PERFORMANCE GOALS FOR PERFORMANCE VESTING
The Performance Goals are relative Total Shareholder Return (“Performance Goal One”) and Net Debt to Trailing Twelve Months Consolidated Adjusted EBITDA (“Performance Goal Two”). The Performance Stock Units subject to this Award are allocated 75% to Performance Goal One (the “Goal One Allocated Performance Stock Units”) and 25% to Performance Goal Two (the “Goal Two Allocated Performance Stock Units”). The Performance-Qualified Shares shall be determined based on the level of attainment of the Performance Goals as set forth below.
PERFORMANCE GOAL ONE
Performance Goal One: The level of attainment of Performance Goal One shall be determined based on the percentile level at which the Total Shareholder Return to the Company’s stockholders over the Performance Period stands in relation to the total shareholder return realized for that period by the companies comprising the Selected Peer Group (as set forth on attached Schedule II).

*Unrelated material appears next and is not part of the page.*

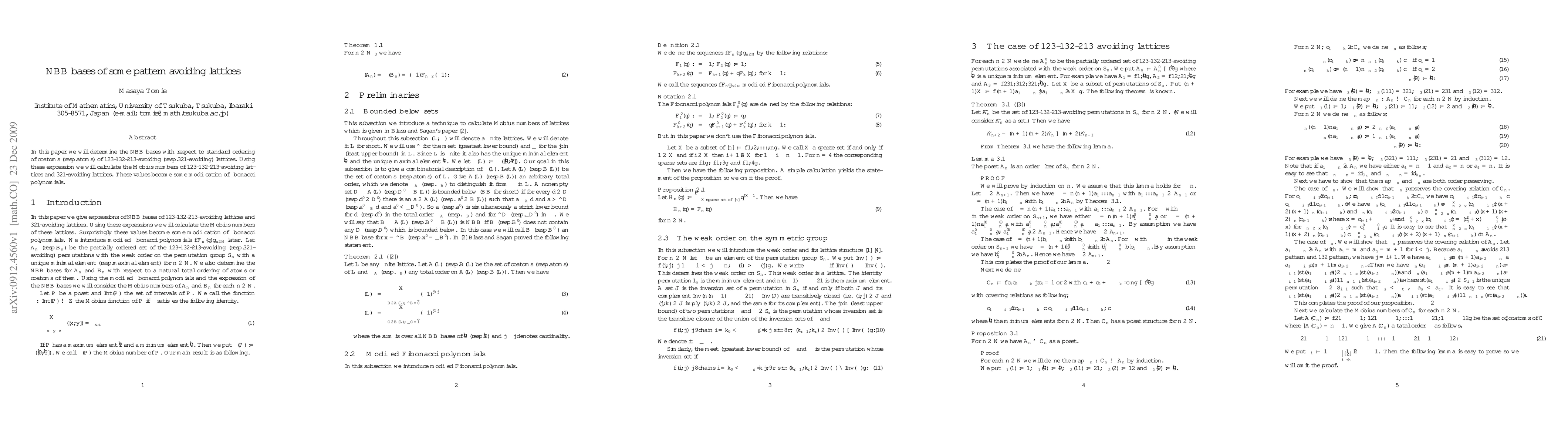 In this paper we will determine the NBB bases with respect to standard ordering of coatoms (resp.atoms) of 123-132-213-avoiding (resp.321-avoiding) lattices. Using these expression we will calculate the M\"obius numbers of 123-132-213-avoiding lattices and 321-avoiding lattices. These values become some modification of fibonacci polynomials.

Payout Schedule for Determining Number of Performance-Qualified Shares Based on
Attained Levels of Performance Goal: The number of shares in which Participant may vest on the basis of the certified percentile level of Performance Goal One attainment shall be calculated by multiplying the Goal One Allocated Performance Stock Units by the applicable percentage determined in accordance with the following payout schedule.
Performance Goal One: TSR in Relation to the Selected Peer Group | Payout (percentage of Goal One Allocated Performance Stock Units in which Participant may vest)* | |||||||
Maximum | 75th percentile | 200% | ||||||
Target | 50th percentile | 100% | ||||||
Threshold | 35th percentile | 35% |
*Linear interpolation between performance levels, rounded down to the nearest whole share, shall determine the payout for performance between target and maximum or performance between threshold and target.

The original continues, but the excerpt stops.